- _WORK ITEM_
Copy nothing but the lines below, from the one with "Gaither used his" through the one with "A darabok puha", exactly as written; no pictures should appear.

- _PROVIDED MATERIAL_

------------------------------------

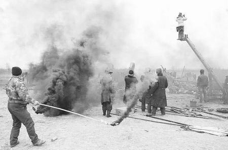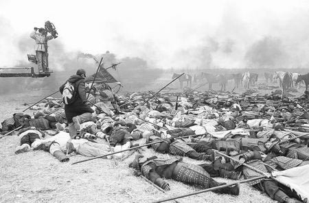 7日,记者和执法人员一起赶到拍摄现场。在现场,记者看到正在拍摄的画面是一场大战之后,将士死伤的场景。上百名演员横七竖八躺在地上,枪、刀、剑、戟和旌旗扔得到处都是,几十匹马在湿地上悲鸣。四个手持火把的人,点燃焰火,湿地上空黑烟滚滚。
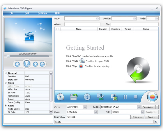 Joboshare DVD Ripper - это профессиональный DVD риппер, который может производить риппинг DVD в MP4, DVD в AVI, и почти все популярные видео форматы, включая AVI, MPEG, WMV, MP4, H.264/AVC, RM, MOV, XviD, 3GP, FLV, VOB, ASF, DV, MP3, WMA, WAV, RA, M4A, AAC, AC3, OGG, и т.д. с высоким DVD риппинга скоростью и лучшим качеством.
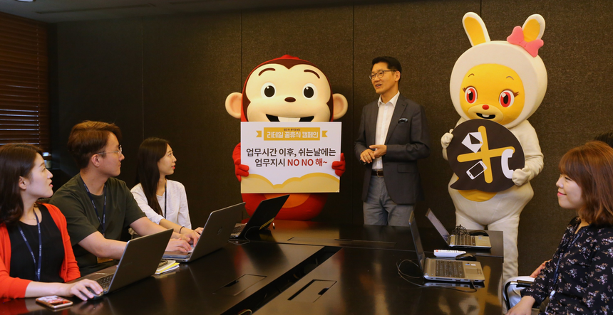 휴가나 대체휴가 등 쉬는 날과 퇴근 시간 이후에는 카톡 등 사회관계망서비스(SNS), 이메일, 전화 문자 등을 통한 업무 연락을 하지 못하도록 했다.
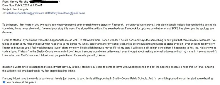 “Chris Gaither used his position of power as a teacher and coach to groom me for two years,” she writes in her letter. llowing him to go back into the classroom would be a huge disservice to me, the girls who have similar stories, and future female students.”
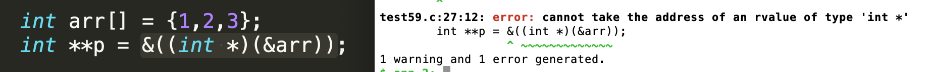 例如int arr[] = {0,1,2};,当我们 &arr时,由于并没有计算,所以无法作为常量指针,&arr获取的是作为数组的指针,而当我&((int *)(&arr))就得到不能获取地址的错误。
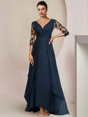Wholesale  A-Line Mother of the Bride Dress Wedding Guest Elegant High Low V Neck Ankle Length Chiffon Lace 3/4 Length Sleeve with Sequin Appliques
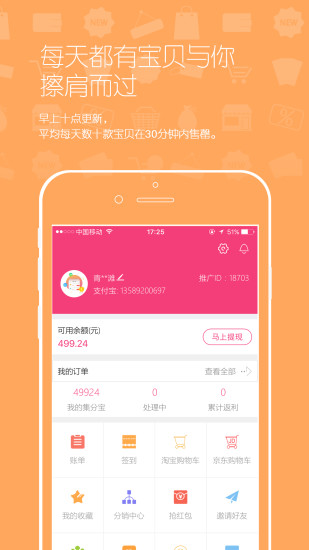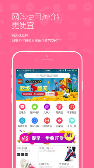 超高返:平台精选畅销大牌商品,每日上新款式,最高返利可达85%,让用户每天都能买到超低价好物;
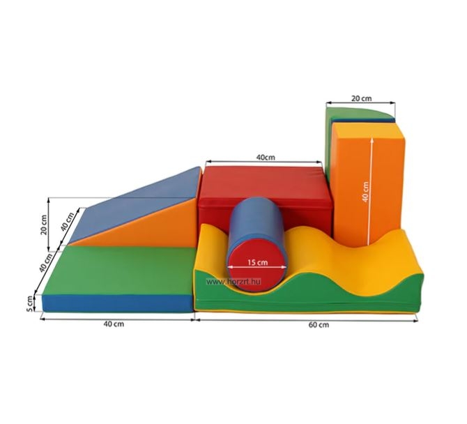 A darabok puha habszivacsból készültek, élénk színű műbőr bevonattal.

------------------------------------

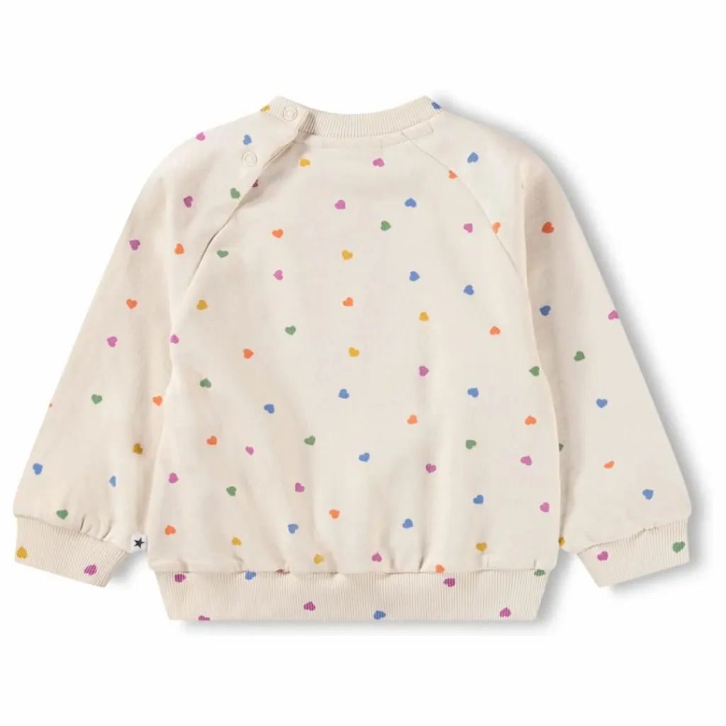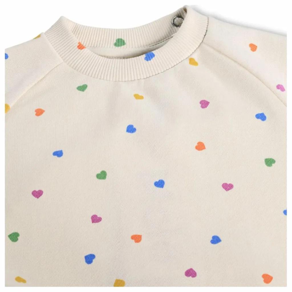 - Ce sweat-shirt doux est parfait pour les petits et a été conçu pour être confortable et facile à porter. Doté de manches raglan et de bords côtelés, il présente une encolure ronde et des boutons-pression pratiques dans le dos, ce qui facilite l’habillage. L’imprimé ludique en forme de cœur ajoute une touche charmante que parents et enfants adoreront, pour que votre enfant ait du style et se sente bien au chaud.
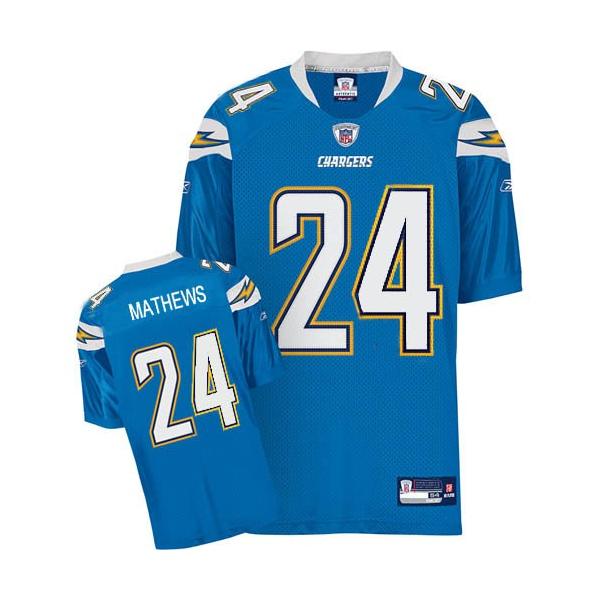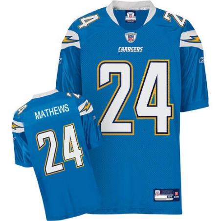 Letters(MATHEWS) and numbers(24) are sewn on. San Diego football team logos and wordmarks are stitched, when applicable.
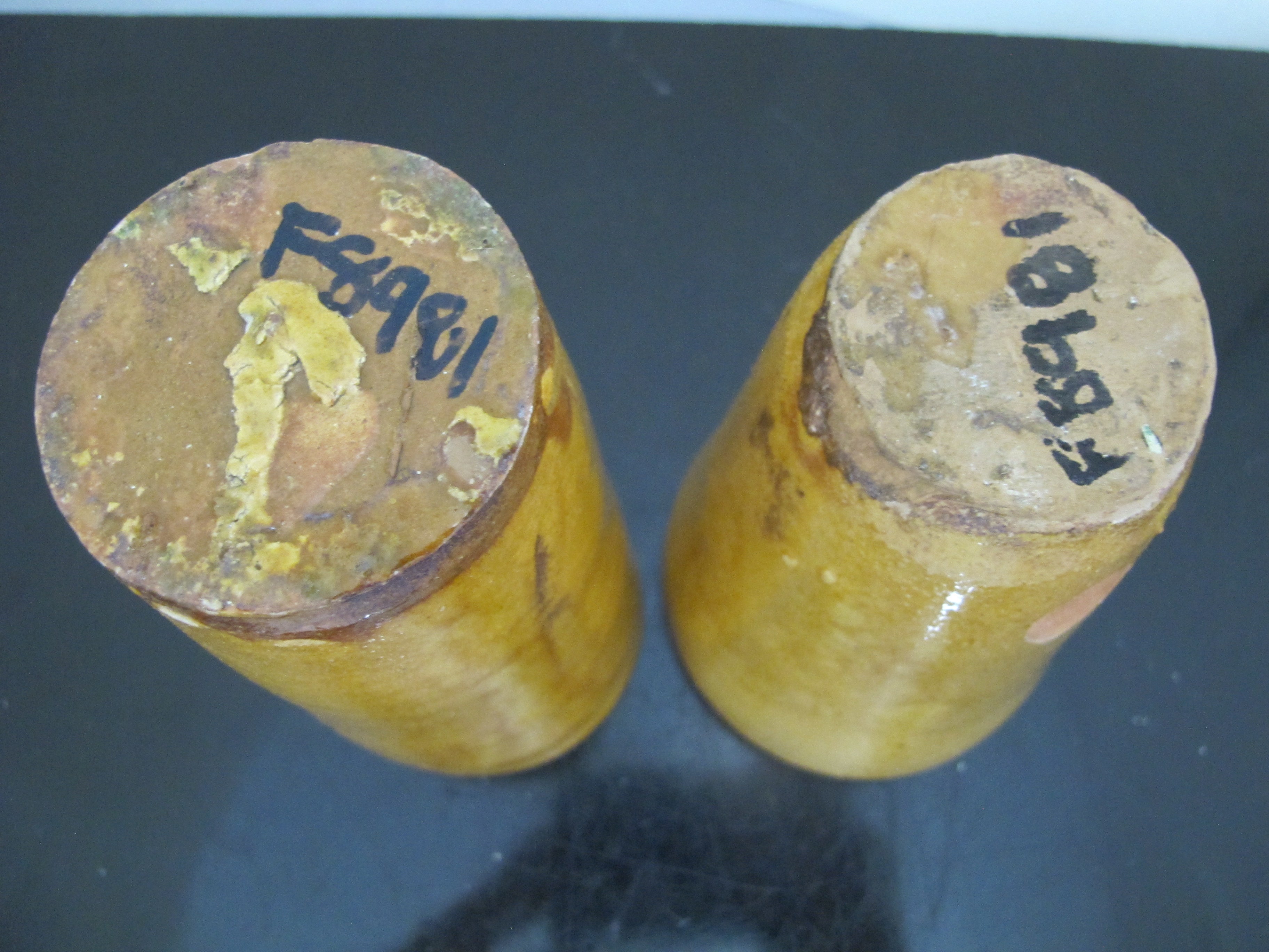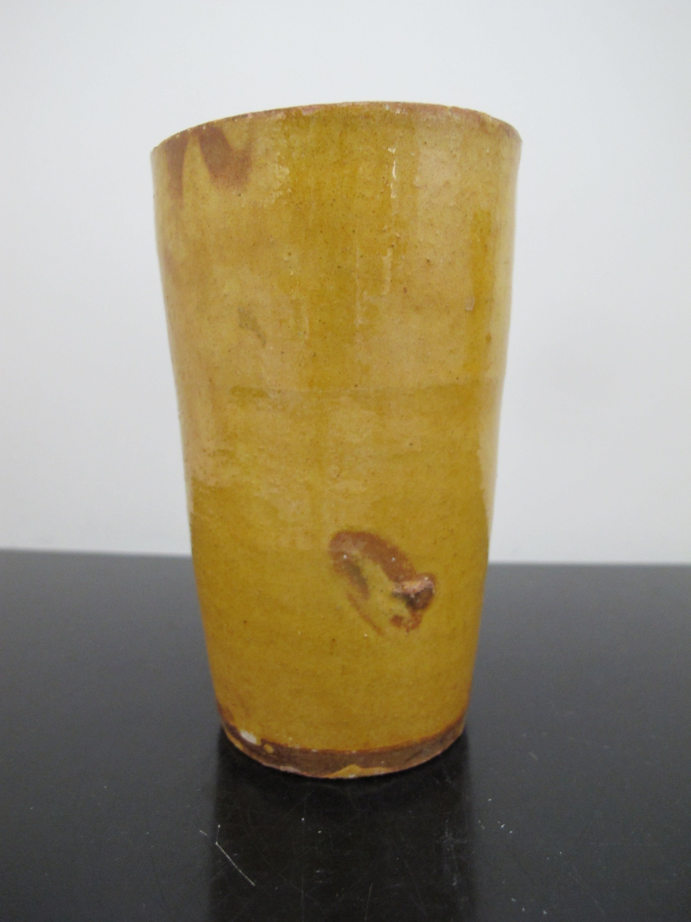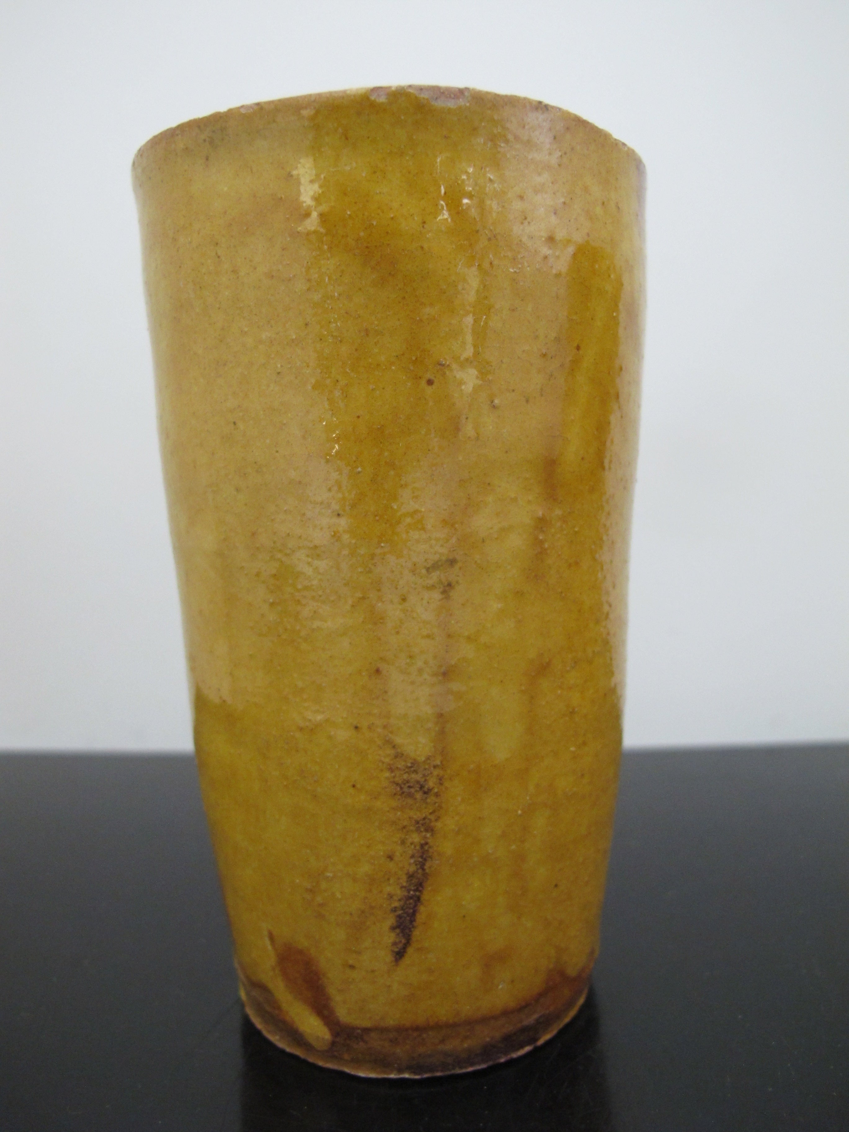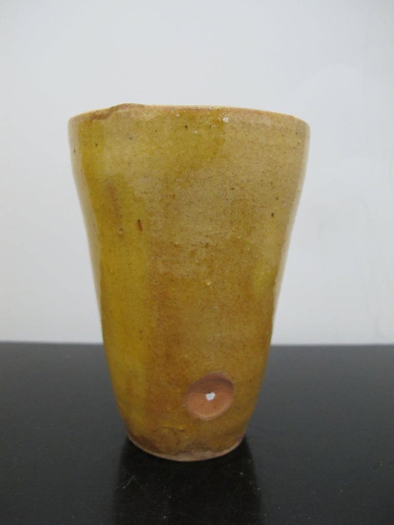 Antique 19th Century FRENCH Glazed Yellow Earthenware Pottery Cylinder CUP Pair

------------------------------------

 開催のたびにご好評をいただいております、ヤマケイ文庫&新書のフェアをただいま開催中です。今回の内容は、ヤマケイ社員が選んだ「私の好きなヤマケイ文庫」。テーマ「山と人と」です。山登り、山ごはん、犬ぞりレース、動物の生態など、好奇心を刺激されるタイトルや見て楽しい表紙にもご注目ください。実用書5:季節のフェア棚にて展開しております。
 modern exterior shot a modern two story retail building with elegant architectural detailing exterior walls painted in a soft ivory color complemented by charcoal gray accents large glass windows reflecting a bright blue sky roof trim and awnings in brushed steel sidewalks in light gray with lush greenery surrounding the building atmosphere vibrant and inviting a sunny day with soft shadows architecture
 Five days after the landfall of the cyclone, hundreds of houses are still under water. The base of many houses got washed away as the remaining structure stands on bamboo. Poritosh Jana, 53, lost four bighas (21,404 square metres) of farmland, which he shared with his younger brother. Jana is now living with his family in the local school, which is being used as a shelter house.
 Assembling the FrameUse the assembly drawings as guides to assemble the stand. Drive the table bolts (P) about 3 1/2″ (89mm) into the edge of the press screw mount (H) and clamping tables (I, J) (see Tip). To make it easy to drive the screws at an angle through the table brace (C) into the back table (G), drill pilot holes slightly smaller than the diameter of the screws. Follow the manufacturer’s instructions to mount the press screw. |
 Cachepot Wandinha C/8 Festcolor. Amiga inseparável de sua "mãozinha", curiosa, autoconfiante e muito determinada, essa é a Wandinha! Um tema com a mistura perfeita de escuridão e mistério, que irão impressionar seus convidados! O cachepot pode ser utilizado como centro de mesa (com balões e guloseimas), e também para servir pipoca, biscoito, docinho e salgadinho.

------------------------------------

- _SOLUTION TO THE PROBLEM_
 “Chris Gaither used his position of power as a teacher and coach to groom me for two years,” she writes in her letter. llowing him to go back into the classroom would be a huge disservice to me, the girls who have similar stories, and future female students.”
 例如int arr[] = {0,1,2};,当我们 &arr时,由于并没有计算,所以无法作为常量指针,&arr获取的是作为数组的指针,而当我&((int *)(&arr))就得到不能获取地址的错误。
Wholesale  A-Line Mother of the Bride Dress Wedding Guest Elegant High Low V Neck Ankle Length Chiffon Lace 3/4 Length Sleeve with Sequin Appliques
 超高返:平台精选畅销大牌商品,每日上新款式,最高返利可达85%,让用户每天都能买到超低价好物;
 A darabok puha habszivacsból készültek, élénk színű műbőr bevonattal.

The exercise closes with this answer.